The most common applications for an exponential distribution are in wait times, such as the time until a customer makes a purchase or the time until a default in credit occurs. One of the distribution's most useful properties is the property of [memorylessness](https://en.wikipedia.org/wiki/Memorylessness).

##### [Normal Distribution](https://en.wikipedia.org/wiki/Normal_distribution)

See [Distributions/Normal Distribution.ipynb](./Distributions/Normal%20Distribution.ipynb) for details on the normal distribution.

$$f(x)=\frac{1}{\sqrt{2\pi \sigma^2}}e^{-\frac{(x-\mu)^2}{2\sigma^2}}$$

Its mean is $\mu=\mu$ and variance is $\sigma^2=\sigma^2$.

## [Markov Chains](https://en.wikipedia.org/wiki/Markov_chain)

A Markov chain (or Markov process) is a stochastic model describing a sequence of possible events in which the probability of each event depends only on the state attained in the previous event. Informally, this may be thought of as, "What happens next depends only on the state of affairs ***now***.

A Markov process is a stochastic process that satisfies the [Markov Property](https://en.wikipedia.org/wiki/Markov_property) (sometimes characterized as [memorylessness](https://en.wikipedia.org/wiki/Memorylessness)). Predictions can be made regarding future outcomes based solely on its present state and, such predictions, are just as good as the ones that could be made knowing the process's full history.

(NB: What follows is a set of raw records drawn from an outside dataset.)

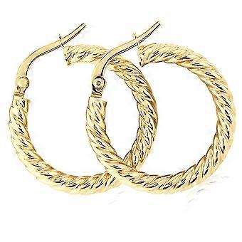 Jewelco London Ladies 9ct Yellow Gold Rope Twisted Round Hoop Earrings - 15mm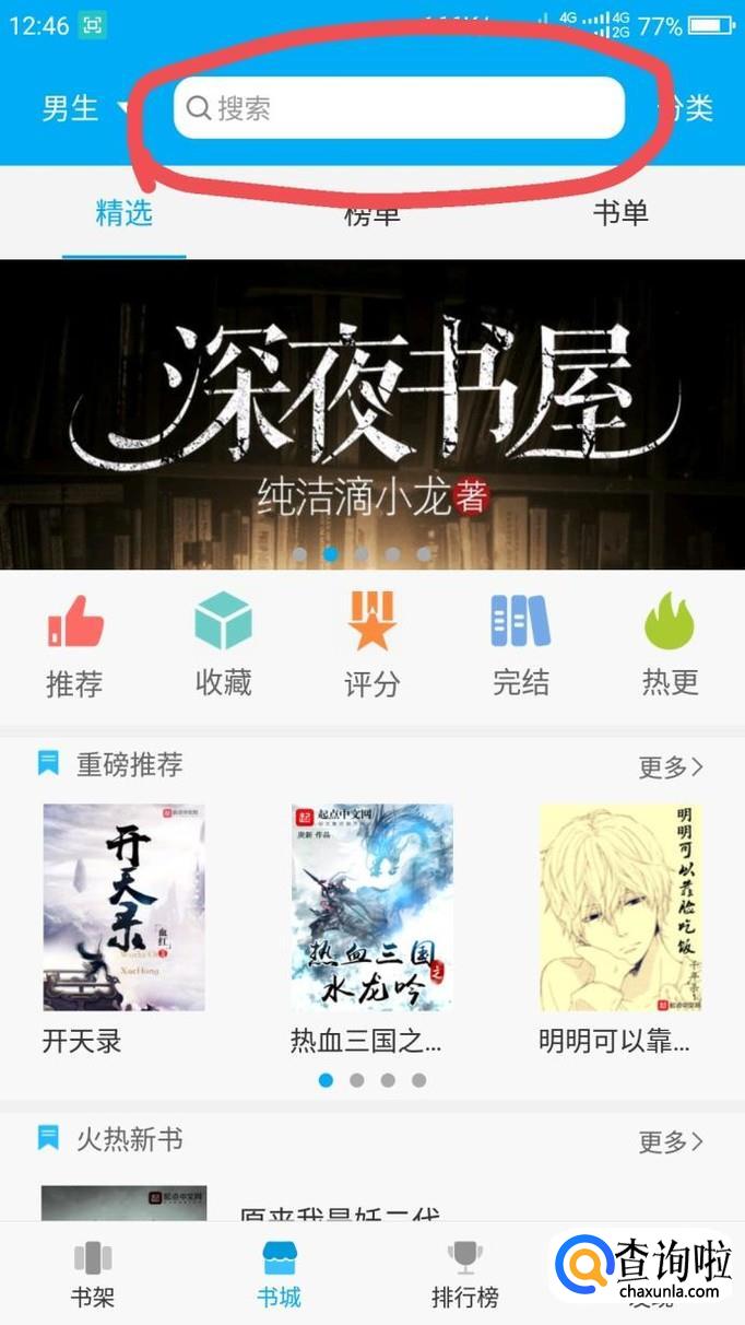 登陆完成后,在下边找“书城”,然后最上边有搜索框,在里边输入自己想看的小说,点搜索就可以了。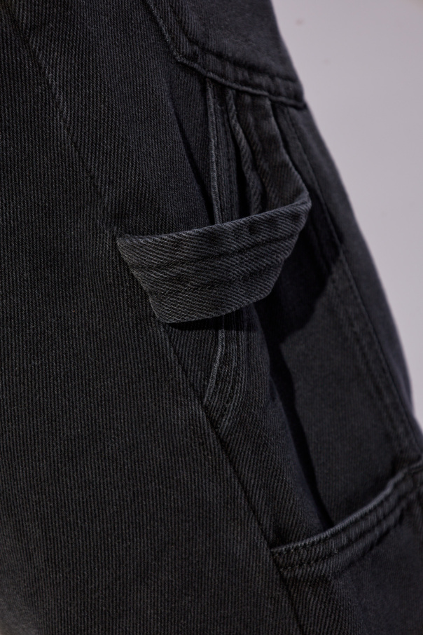 Black ‘Bymara’ jeans from Isabel Marant. Falling with relaxed-fitting, straight legs, this pair features a zip fly with a button, multiple pockets and a brown logo patch accompanied by a decorative loop on the back.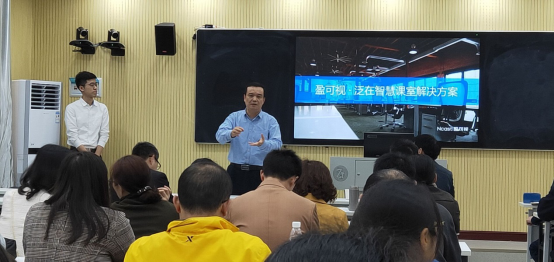 广州盈可视公司技术员做智慧教室信息化设备使用方法培训。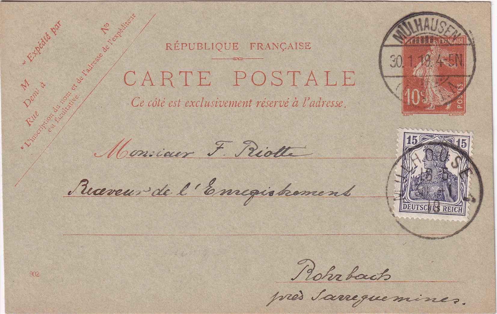 franz. Ganzsache m. dt. Stempel - die 15 Pfg. Germania mit dem franz. Stpl. Mulhouse 16.5.19 - philatelistisch beeinflusst und trotzdem Zeitgeschichte !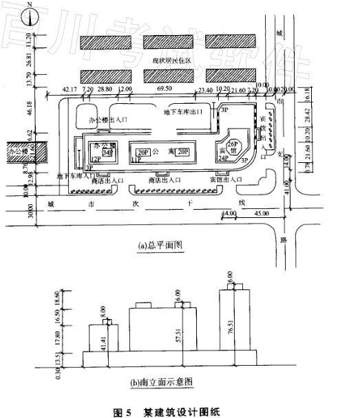 某北方城市拟在市中心地段新建一集公寓、办公、宾馆、商业为一体的综合性建筑。用地朝向为南偏东13°,用地情况如下: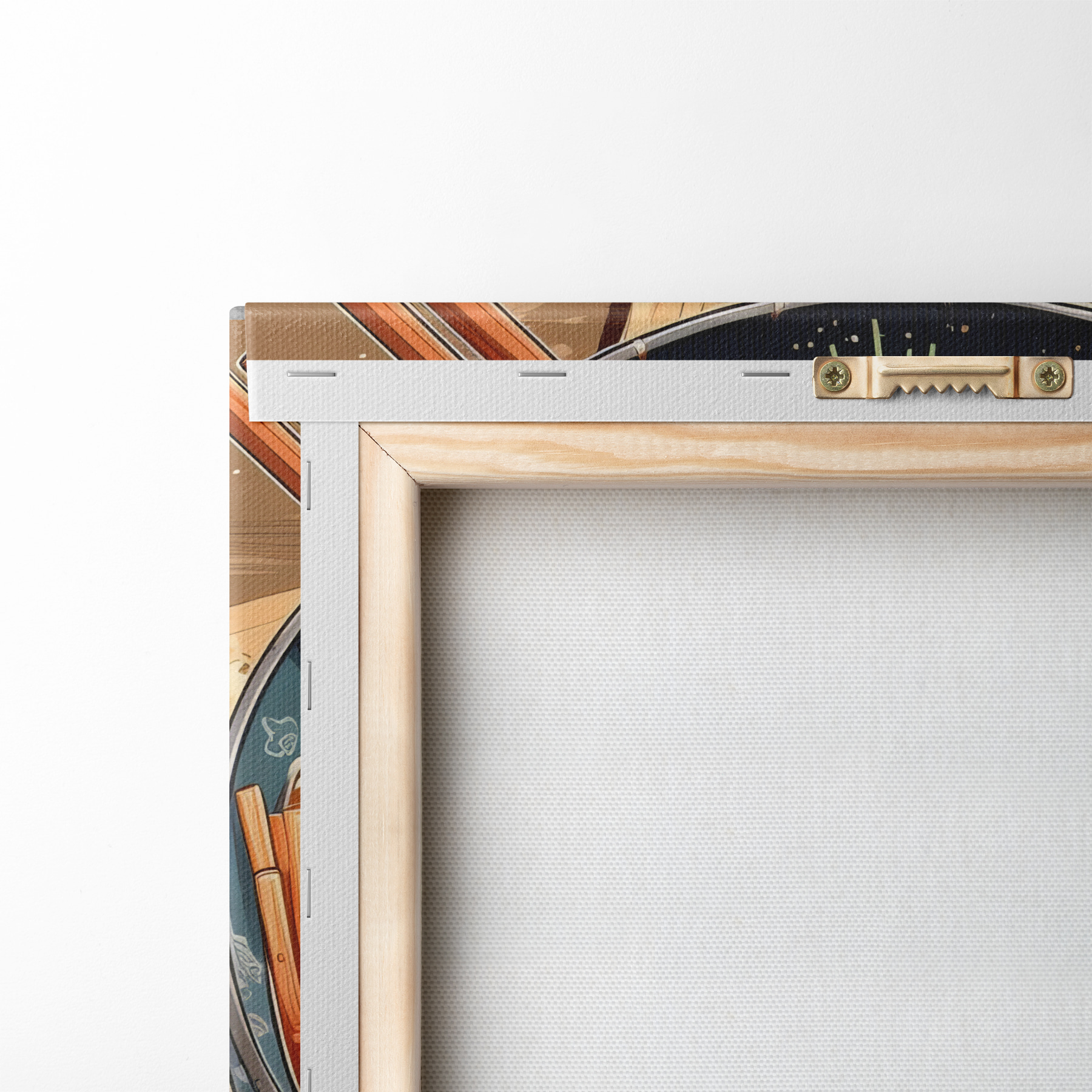 Om het doek op te spannen op spielatten zonder de afbeelding te beschadigen, gebruiken we gespiegeld beeld.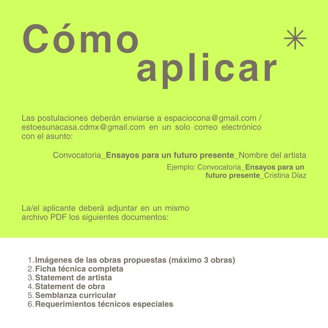 Galeria Lobby, en colaboración con @estoesunacasa convoca a artistas que residen en México a participar en la exposición colectiva “Ensayos para un futuro presente”, que se llevará a cabo del 27 de marzo al 24 de abril en el marco del segundo aniversario de Espacio Cona.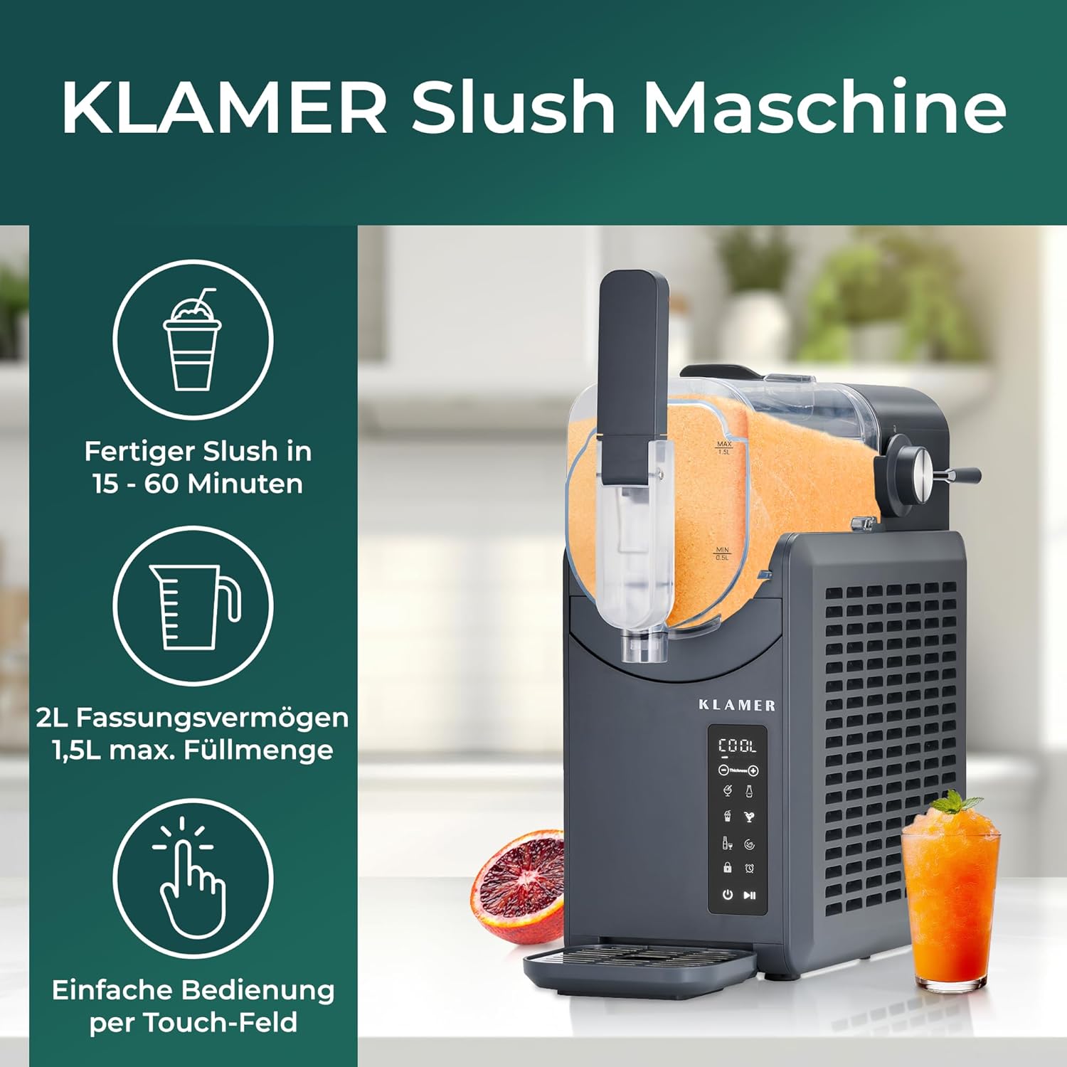 Das Beste: Alle Rezepte sind speziell auf die KLAMER Maschine abgestimmt und gelingen dank der voreingestellten Programme ganz unkompliziert. Das vollständige Rezeptbuch steht kostenfrei unter KLAMER Slush Rezeptbuch (PDF) bereit.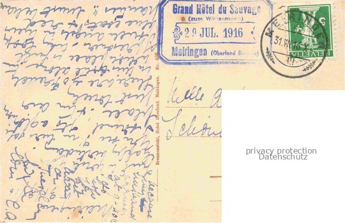 34146150 alte Postkarte Meiringen Oberhasli BE Panorama postalisch gelaufen Fliegeraufnahme Erhaltung siehe scans [FriedD77] KatCode: 11470060210588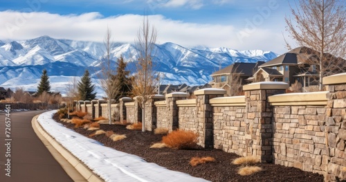 A Road Lined with a Stone Brick Fence, Offering Views of Snowy Peaks and a Cloudy Sky in a Scenic Neighborhood

Stated another way, the Markov property is such that, conditioned on the current state, the past and future states it will occupy are conditionally independent.

The probability of transitioning from state $i$ to state $j$ at any given time is given my a transition matrix, denoted by $P$.
$$P = 
\begin{pmatrix}
p_{11} & \dots & p_{1n} \\
\dots & & \dots \\
p_{m1} & \dots & p_{mn} \\
\end{pmatrix}
$$

A *recurrent state* is one where if entering the state, one will always transition back into that state eventually. In contrast, a *transient state* is one in which, if entered, there is a positive probability that upon leaving, one will never enter that state again.

A [stationary distribution](https://en.wikipedia.org/wiki/Stationary_process) for a Markov chain satisfies the following characteristic: $\pi=\pi P$, where a $P$ is a transition matrix and remains fixed following any transitions using $P$. Thus, $P$ contains the long-run proportions of the time that a process will spend in any particular state over time.